Try it = Only the lines from the one containing "63pokupki, сайт совместных" through the end of the records should be retyped, exactly and including both ends; pictures stay out.

Records =
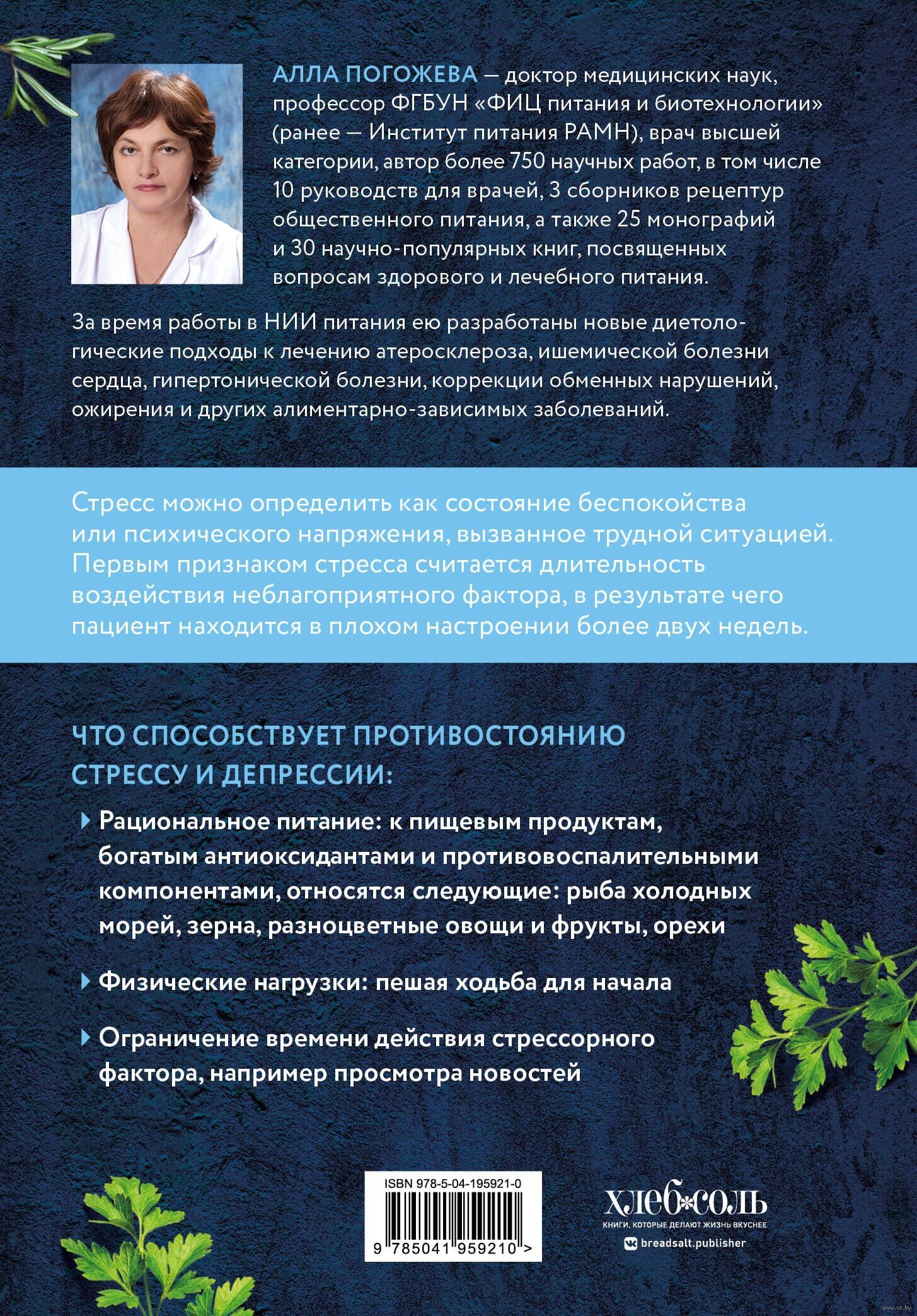 Стресс — это то, с чем сталкивается каждый современный человек. Сначала он пытается не замечать его, потом обращается к врачу, потом поедает килограммы таблеток, которые помогают лишь на короткое время. И лишь осознав, что от стресса не убежишь, начинает менять свое мнение о нем. Эта книга поможет не только понять, отчего возникает стресс, его причины и неприятные последствия, но и укажет самый жизненный способ борьбы с ним, преодоления его и выработки устойчивости по отношению к нему. И этот способ — знание, как питаться, чтобы не накапливать в себе негатив; какие продукты облегчают его действие, какие предотвращают. Алла Погожева, доктор медицинских наук, профессор Института питания, проработавшая в нем более 30 лет, предлагает без всяких диет поправлять свое душевное здоровье с помощью баланса в питании, подвижности в повседневной жизни и ограничения негативных новостных факторов. Более 100 рецептов дают практическую возможность испробовать этот простой способ борьбы с неблагоприятными ситуациями у себя дома.
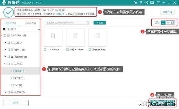 2. 扫描结束后,在页面左侧点击查看各类文件,勾选要恢复的文件。页面右上角有三种文件呈现形式,可以通过切换视图来查看相关文件。最后点击“恢复”。如果快速扫描里面没有你要恢复的文件,就选择“深度扫描”搜索更多内容。
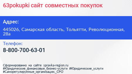 63pokupki, сайт совместных покупок по адресу 445026, Самарская область, Тольятти, Революционная, 28а в дальнейшем Организация, размещена в следующих категориях:
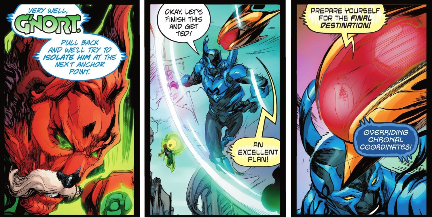 En Escarabajo azul #7 Por Josh Trujillo, Scott Kolins, Cully Hamner, Howard Porter, Adrián Gutiérrez y Natacha Bustos, Blue Beetle es involucrado en una misión de rescate por Booster Gold para salvar a Ted Kord. La esencia de Kord se ha dispersado a lo largo del flujo temporal, lo que obligó al dúo a viajar a múltiples eras del Universo DC.
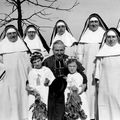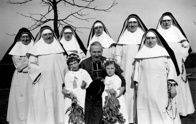 Van Links naar rechts: Zr. Eugenia, zr. Adeltruda, zr. Cleta, Zr. Ursuline, zr. Maria-Vincentia, zr. Carissima, zr. Cypriana (het kleine zustertje van de bewaarschool). Vooraan: José Bosmans mgr. Lemmens, Mia Bosmans.

Written answer =
 63pokupki, сайт совместных покупок по адресу 445026, Самарская область, Тольятти, Революционная, 28а в дальнейшем Организация, размещена в следующих категориях:
 En Escarabajo azul #7 Por Josh Trujillo, Scott Kolins, Cully Hamner, Howard Porter, Adrián Gutiérrez y Natacha Bustos, Blue Beetle es involucrado en una misión de rescate por Booster Gold para salvar a Ted Kord. La esencia de Kord se ha dispersado a lo largo del flujo temporal, lo que obligó al dúo a viajar a múltiples eras del Universo DC.
 Van Links naar rechts: Zr. Eugenia, zr. Adeltruda, zr. Cleta, Zr. Ursuline, zr. Maria-Vincentia, zr. Carissima, zr. Cypriana (het kleine zustertje van de bewaarschool). Vooraan: José Bosmans mgr. Lemmens, Mia Bosmans.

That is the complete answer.